Custom db-out output format

I have created a python recipe and everything works fine so far.
But now I want to customise the jsonl output to match our project requirements. We are annotating with image_manuel and text_input.

The desired json/jsonl output should look something like this:

  "filename": "1.png",
  "boxes": [
    "height": 219.0,
    "label": 1.0,
    "left": 246.0,
    "top": 77.0,
    "width": 81.0
    "height": 219.0,
    "label": 9.0,
    "left": 323.0,
    "top": 81.0,
    "width": 96.0

So we want just the boxes, the labels and image name.

But I just can not find any suggestions or walktroughs on how to do so. I hope you can help me.

Thanks in advance

Hi! That should be no problem :slightly_smiling_face: You can use Prodigy's Database API to connect to the database, load your dataset and then perform any transformation you need for your specific use case.

You can see examples of the format produced by the image UIs here: For each bounding box or polygon that you drew on the image, the "spans" contains an entry with "points" (the [x, y] coordinates of the points) and a "label", the label you selected.

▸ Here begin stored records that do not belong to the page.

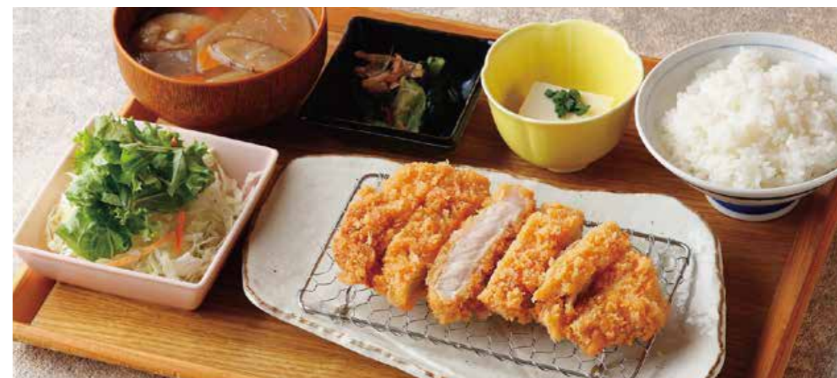
Roppaku Kurobuta pork Cutlet Set 黒ぶたロースとんかつごはん ¥2,180
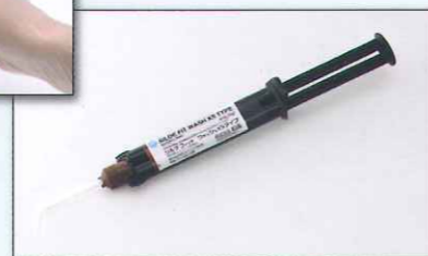
移し替え不要なウォッシュXSタイプ
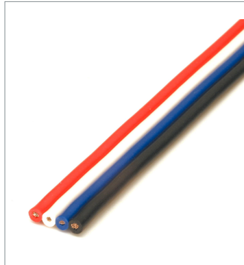
Flat cable DCA-4F10
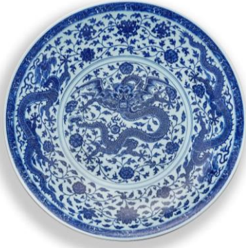
Lot 414 清雍正 青花穿花遊龍大盤 成交價 HK$ 7,855,000
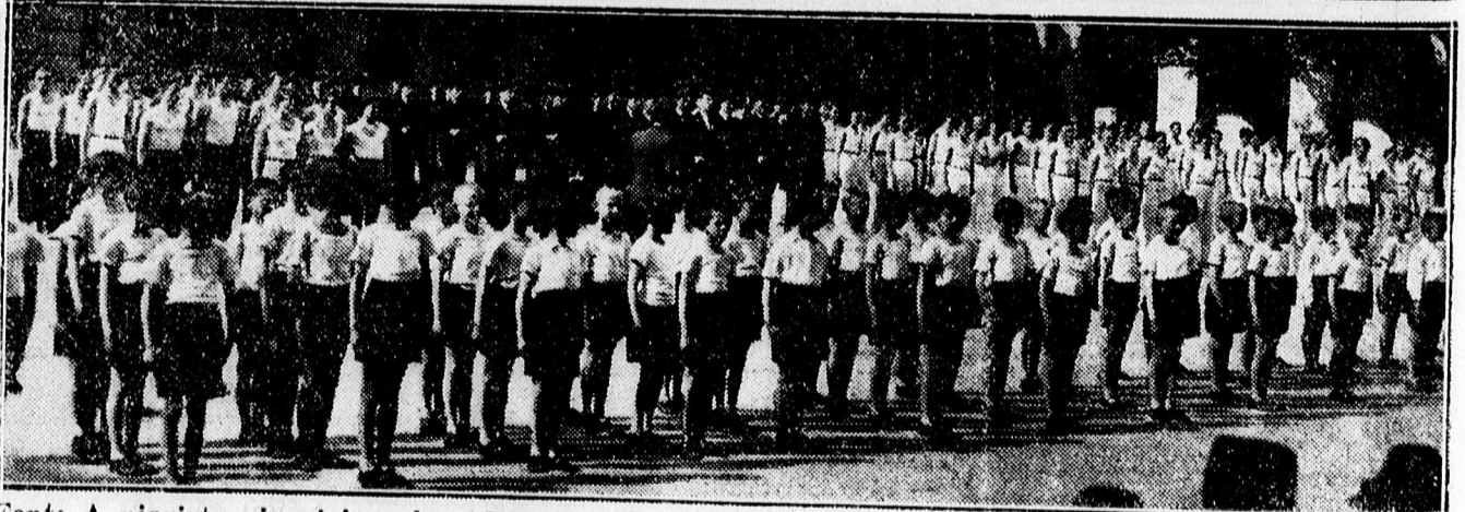
Fent: A piarista gimnázium és a DVSC sportrepülői.
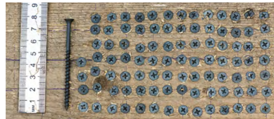
▲ В тесте на «выносливость» мы использовали саморез 4,2x80 мм, вкручивая крепеж в сосновый брус. Осиленный шуруповертом объем составил 95 вкрученных саморезов.
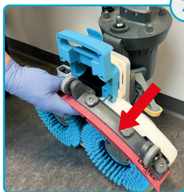
Tag sugefoden af Remove the squeegee
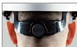
Sangle de nuque qui descend sous le rocher
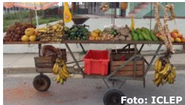
Carretilla particular abastecida con alimentos provenientes directamente del campo.

Pinar del Río, (ICLEP). Contaminados los productos agrícolas ofertados a la población por los llamados carretilleros, quienes aplican a dichos alimentos un químico para mantenerlos antes de tiempo. Este hecho afecta a un noventa y cinco por ciento de la población pinareña que los adquiere en dichos lugares, siendo los alimentos provenientes del campo los más necesitados para la alimentación humana. Desde que el gobierno puso a funcionar los puestos de venta de productos agrícolas en el país, se resolvieron muchos problemas con la alimentación sana que viene directamente de la naturaleza, los particulares comenzaron de inmediato a dar solución a ese gran problema que afectaba a la población cubana. Pero la avaricia de los carretilleros los ha llevado a utilizar métodos perjudiciales para la salud humana como el líquido madurador que emplean en la mayoría de los productos agrícolas.
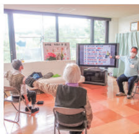
こけないからだ体操

ただ漠然と日々を過ごすということではなく、生き生きとした日々を送っていただくことを目標とし、ご利用者のやる気を引き出すような取り組みを行い、「一日でも長く自立した生活が送れる」、「第2日本原荘に入りたくてもらえる」施設の実現を目指します。

So the format in your example could be created like this:

  • filename: by default, task["meta"]["file"]
  • boxes: each entry in task["spans"] describes one box and its [x, y] pixel coordinates, and the logic here is pretty simple:
    • top: smallest y coordinate
    • left: smallest x coordinate
    • width: largest x coordinate minus smallest x coordinate
    • height: largest y coordinate minus smallest y coordinate
    • label: either the span's label or the text input? This depends on what your label values mean and how they map to the numbers

How you integrate the text input from the text_input block depends on what the input "means" and how you've configured it. By default, the result gets saved to user_input, so the value of task["user_input"] is whatever the user typed in.

Thank you,
that worked for me. I do not unterstand how to build my own database but at least i can edit and reformat the existing output.

Glad it worked! :slightly_smiling_face:

You shouldn't have to change anything about the database – I think it makes more sense to have Prodigy store the underlying data in its original format. That also makes it easy to load the data back in for annotation. But once you're ready to use the annotations you've created, you can perform your postprocessing and get out the desired format you need – either by running it over the exported JSON, or by loading your data in Python straight from Prodigy.